If you compare the module.symtypes
for that symbol, it will look like this:
$ diff -u <GKI>/kernel/module.symtypes \
<your kernel>/kernel/module.symtypes
--- <GKI>/kernel/module.symtypes
+++ <your kernel>/kernel/module.symtypes
@@ -334,12 +334,15 @@
...
-s#fwnode_handle struct fwnode_handle { UNKNOWN }
+s#fwnode_reference_args struct fwnode_reference_args { s#fwnode_handle * fwnode ; unsigned int nargs ; t#u64 args [ 8 ] ; }
...
If your kernel has it as UNKNOWN
and the GKI kernel has the expanded view of
the symbol (very unlikely), then merge the latest Android Common Kernel into
your kernel so that you are using the latest GKI kernel base.
In most instances, the GKI kernel has it as UNKNOWN
, but your kernel has the
internal details of the symbol because of changes made to your kernel. This is
because one of the files in your kernel added a #include
that is not present
in the GKI kernel.
To identify the #include
that causes the difference, follow these steps:
-
Open the header file that defines the symbol/data type having this difference.

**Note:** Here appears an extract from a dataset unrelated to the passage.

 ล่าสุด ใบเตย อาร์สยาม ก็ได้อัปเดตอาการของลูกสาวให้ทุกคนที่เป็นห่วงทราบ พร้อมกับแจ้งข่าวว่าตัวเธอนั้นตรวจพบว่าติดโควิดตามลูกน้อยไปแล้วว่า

For example,
include/linux/fwnode.h
for thestruct fwnode_handle
. -
Add the following code at the top of the header file.

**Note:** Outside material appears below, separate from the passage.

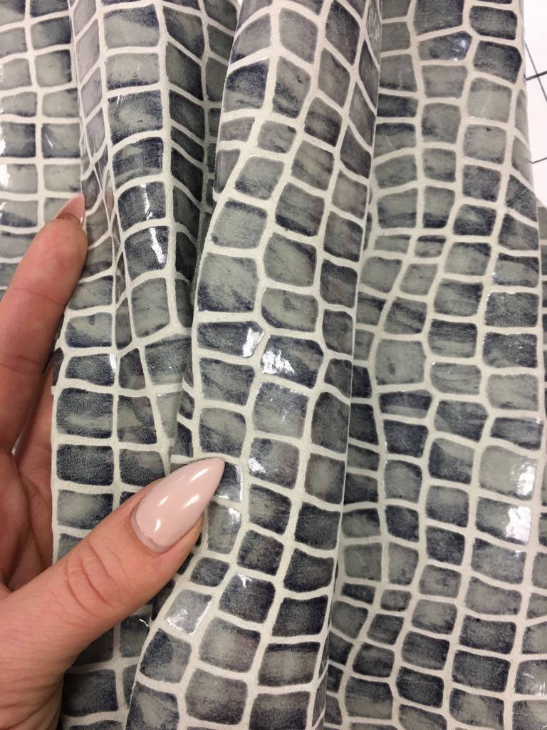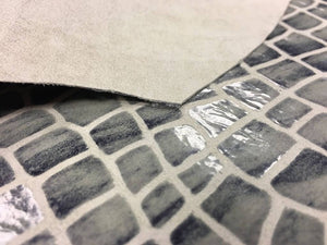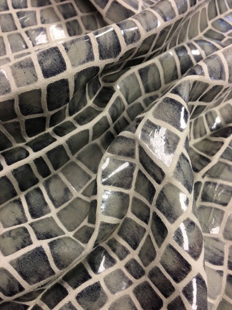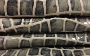 Gray snake leather print gray genuine leather fabric lambskin pelt real gray leather hide gray leather print GRAY SHINY SNAKE 492, 0.5 mm

#ifdef CRC_CATCH #error "Included from here" #endif
-
Then in the module's
.c
file that has a CRC mismatch, add the following as the first line before any of the #include lines.#define CRC_CATCH 1
-
Now compile your module. You will get a build time error that shows the chain of header file
#include
that led to this CRC mismatch.In file included from .../drivers/clk/XXX.c:16: In file included from .../include/linux/of_device.h:5: In file included from .../include/linux/cpu.h:17: In file included from .../include/linux/node.h:18: .../include/linux/device.h:16:2: error: "Included from here" #error "Included from here"
-
One of the links in this chain of
#include
is due to a change done in your kernel, that is missing in the GKI kernel. -
Once you have identified the change, revert it in your kernel or upload it to ACK and get it merged.
Case 2: Differences due to data type changes
If the CRC mismatch for a symbol/data type is not due to a difference in
visibility, then it is due to actual changes (additions/removals/changes) in
the data type itself. Typically abidiff
would have caught this, but if it
misses any due to known detection gaps, CONFIG_MODVERSIONS
would catch it.
Say you make this change in your kernel:
diff --git a/include/linux/iommu.h b/include/linux/iommu.h
--- a/include/linux/iommu.h
+++ b/include/linux/iommu.h
@@ -259,7 +259,7 @@ struct iommu_ops {
void (*iotlb_sync)(struct iommu_domain *domain);
phys_addr_t (*iova_to_phys)(struct iommu_domain *domain, dma_addr_t iova);
phys_addr_t (*iova_to_phys_hard)(struct iommu_domain *domain,
- dma_addr_t iova);
+ dma_addr_t iova, unsigned long trans_flag);
int (*add_device)(struct device *dev);
void (*remove_device)(struct device *dev);
struct iommu_group *(*device_group)(struct device *dev);
That will cause a lot of CRC mismatches, but one of them would be for
devm_of_platform_populate()
.
If you compare the .symtypes for that symbol, it will look like this:
$ diff -u <GKI>/drivers/of/platform.symtypes \
<your kernel>/drivers/of/platform.symtypes
--- <GKI>/drivers/of/platform.symtypes
+++ <your kernel>/drivers/of/platform.symtypes
@@ -399,7 +399,7 @@
...
-s#iommu_ops struct iommu_ops { ... ; t#phy
s_addr_t ( * iova_to_phys_hard ) ( s#iommu_domain * , t#dma_addr_t ) ; int
( * add_device ) ( s#device * ) ; ...
+s#iommu_ops struct iommu_ops { ... ; t#phy
s_addr_t ( * iova_to_phys_hard ) ( s#iommu_domain * , t#dma_addr_t , unsigned long ) ; int ( * add_device ) ( s#device * ) ; ...
To identify the changed type, follow these steps:
-
Find the definition of the symbol in the source code (usually
.h
files). -
If there is a straight forward symbol difference between your kernel and the GKI kernel, then do a
git blame
to find the commit. -
Sometimes a symbol is deleted in a tree and you also want to delete it in the other tree. To find the change that deleted the line, run this command on the tree where the line was deleted:
a.
git log -S "copy paste of deleted line/word" -- <file where it was deleted>
NOTE: Do not copy-paste tabs
b. You will get a short list of commits. The first one is probably the one you are looking for. Otherwise, go through the list until you find the commit.
-
Once you have identified the change, revert it in your kernel or upload it to ACK and get it merged.